Oh. It's very hard.
If my situation were not so dire, the little set of dishes above would be well on it's way to me, as we speak. I've been looking for a complete set for a while now (I just have the bowls--boy and girl) and I'm telling you, this is really the stuff my dreams are made of. Since it cannot be mine, what's the next best thing? Share it with you! Maybe one of you all would be inclined to give it a sweet home. Maybe not! Maybe it'll just make you smile.
All these sweet goods are from a shop called Urban Artifacts, a very, very cool selection of vintage finds from Coeur d'Alene (showing my considerable geographical ignorance here--I don't know where that is, but they've got great thrift shops, evidently?).
Sweetness.

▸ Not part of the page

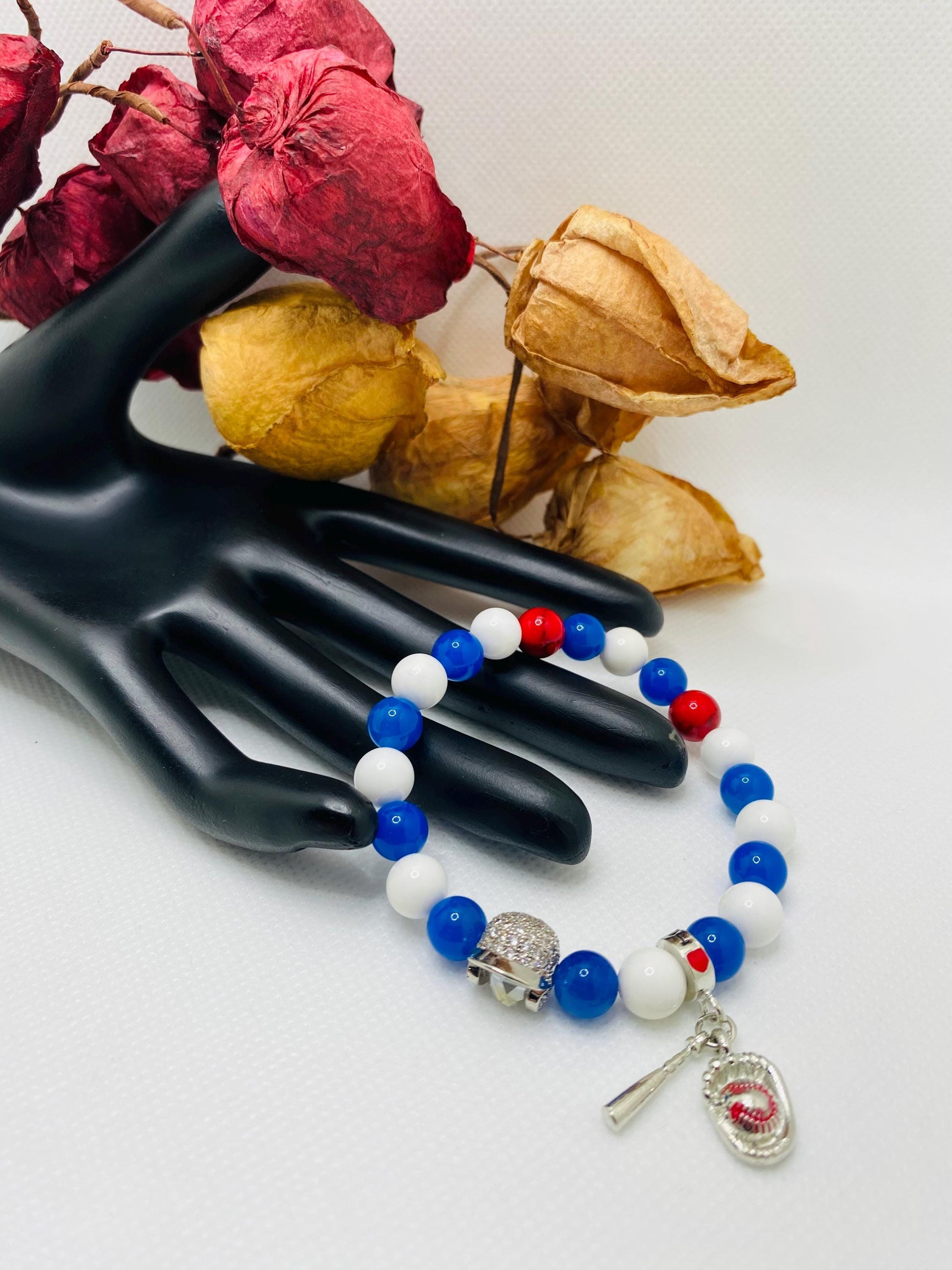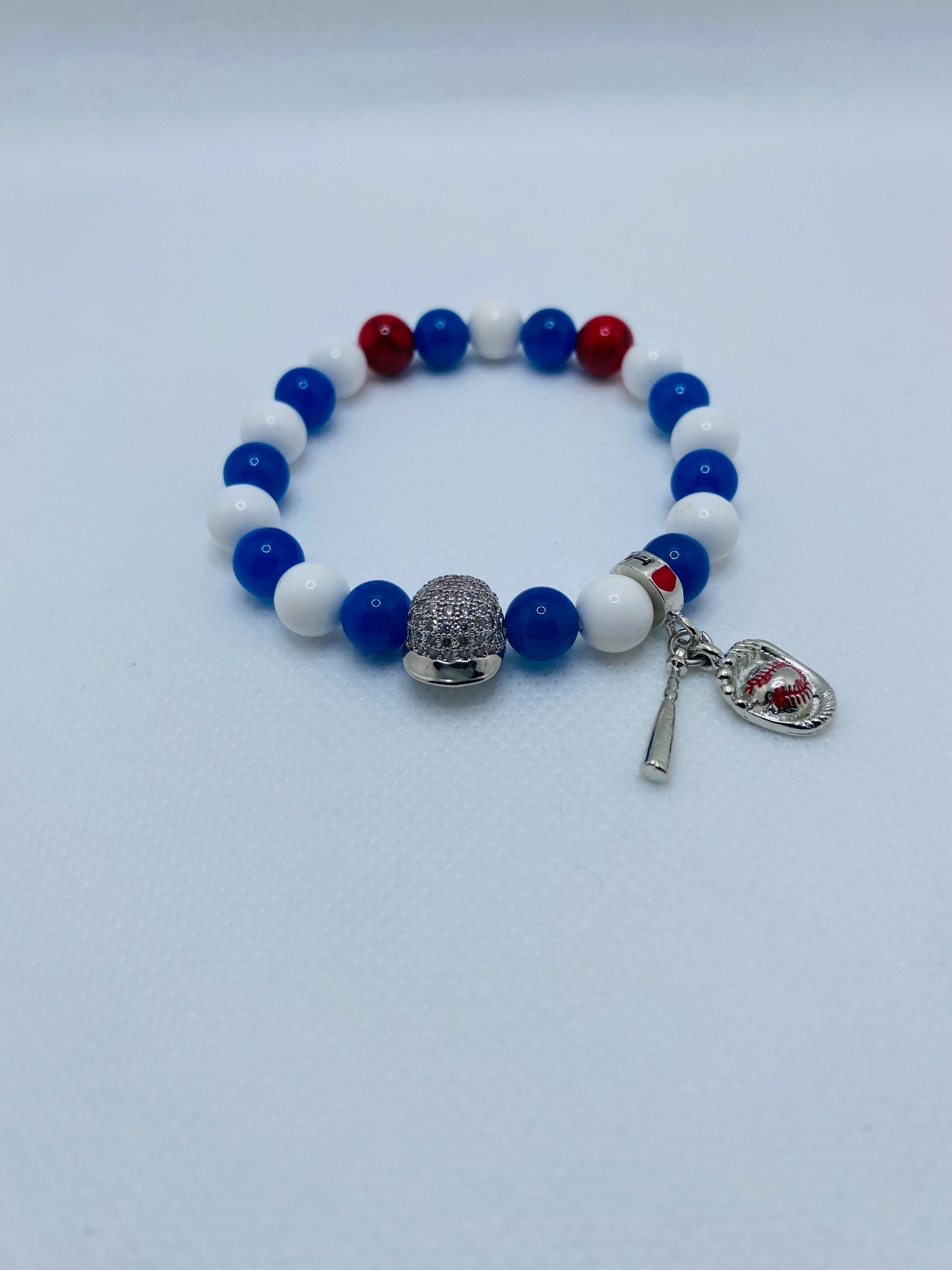 PRODUCT DETAIL - 8mm Blue Agate gemstone beads - 8mm natural White Porcelain gemstone beads - 8mm Red Turquoise Natural gemstone beads - Silver Plated Baseball Bat and Glove Pendant Charms - Silver Metallic plated Baseball helmet with inlaid cubic zirconia - Strong, stretchy cord - Handmade in a clean and safe environment

Have a peek, if you like!
By the by, on the note of "simplifying my expenditures" (my new euphemism for our current lifestyle adjustments, which in itself is a euphemism for "a really crappy turn of events")--I do not wish to give the impression that I am handling this whole thing with the patience of a saint. In fact, I came home from work on Thursday night practically spitting (verbal) nails at my husband, simply because he was the only one at whom I could safely spit them. Sometimes, I'm just really, really angry. And sad. And scared.
Luckily, the next day I apologized (he was great about it, as usual) and my equilibrium had returned. But, as my family will tell you, while I have been handling things better than some might, I suppose (?), I know I'm not perfect, in any way. I'm just me, and that means human and whiny and even--dare I say it--a trifle bitchy, on occasion. But that's okay, too. Part of the process, I suppose. Just didn't want anyone to think I'm always "brave" or "strong" or "courageous"...It just ain't so.
Thanks for reading. Have a lovely, lovely weekend, all!